J. S. Bach – The Well-Tempered Clavier, Book I
Trevor Stephenson
Harpsichord
Release date: 2001
Harpsichord
Excerpt from the CD booklet essay by Trevor Stephenson:
Sometime around 1720, when Johann Sebastian Bach was in his mid- thirties, he completed a large-scale work for keyboard—a complete set of preludes and fugues in all the major and minor keys; he entitled this The Well-Tempered Clavier.1 The work was not commissioned, and Bach never had it published. Rather, he used it as a teaching piece for his pupils and his musical children who had progressed beyond the Inventions and Suites. As genuine as Bach’s pedagogic intent was, it cannot help but make us smile today that perhaps the greatest single work ever written for the keyboard came from such modest aims.
The Well-Tempered Clavier is comprehensive in its affective and spiritual scope as well as in its contrapuntal technique, and was designed to inspire and require a great deal of devotion and dedication from the student and the listener to unwrap its mysteries.
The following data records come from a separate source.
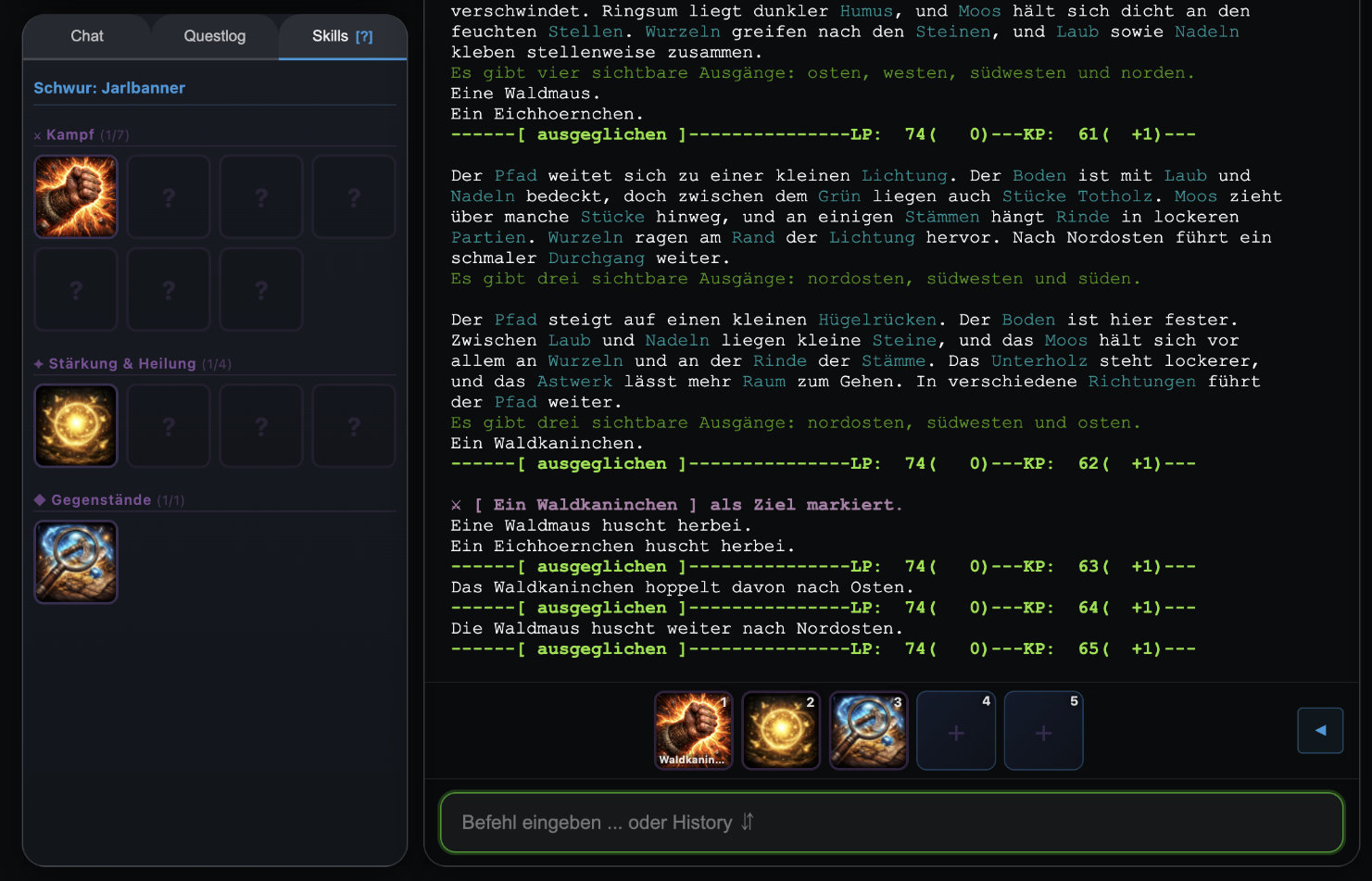 Neu: Der Web-Client unterstützt jetzt eine intelligente Autovervollständigung direkt in der Befehlszeile. Während du tippst, erscheint ein grauer Vorschlag, den du mit der Tab-Taste oder der Pfeil-rechts-Taste übernehmen kannst. Die Funktion kennt nicht nur alle MUD-Befehle, sondern auch die Namen von NPCs und Gegenständen im aktuellen Raum sowie die Items in deinem Inventar. So kannst du zum Beispiel "frag tjo" tippen und "tjodalv" wird automatisch vorgeschlagen – das spart Zeit und verhindert Tippfehler. ✧ WebClient Exclusive
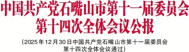 中国共产党石嘴山市第十一届委员会第十四次全体会议,于2025年12月30日举行。
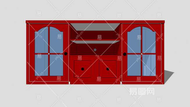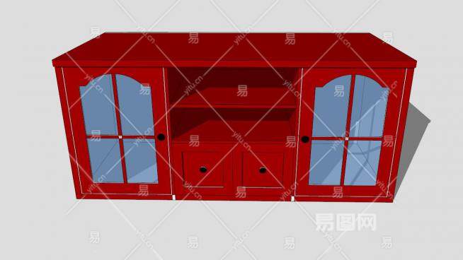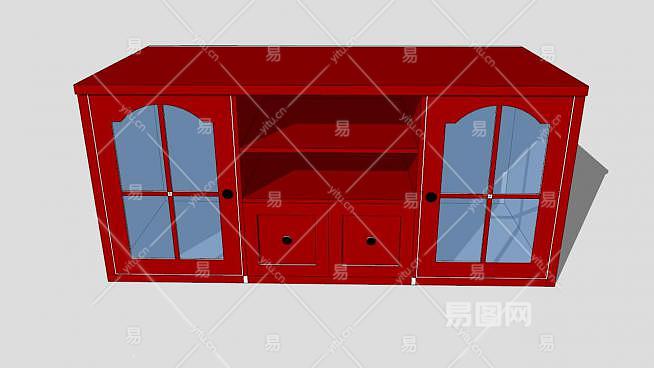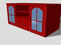 红色玻璃电视柜SU模型下载_sketchup草图大师SKP模型

I believe it was intended as a musical “daily bread” or a devotional— to be approached each day with a sense of growing skill, understanding, and wisdom. If we were to translate it into the world of painting, The Well-Tempered Clavier might combine Vermeer’s sanctity of the everyday with Brueghel’s uncompromising and gnarled scenes of peasants, folktales, country life, and biblical drama and allegory. Idealism, pragmatism, craftsmanship, religious concentration, and the work-a-day world are all rolled into one. To Bach, as it was to Brueghel and Vermeer, beauty and moral truth are intrinsic.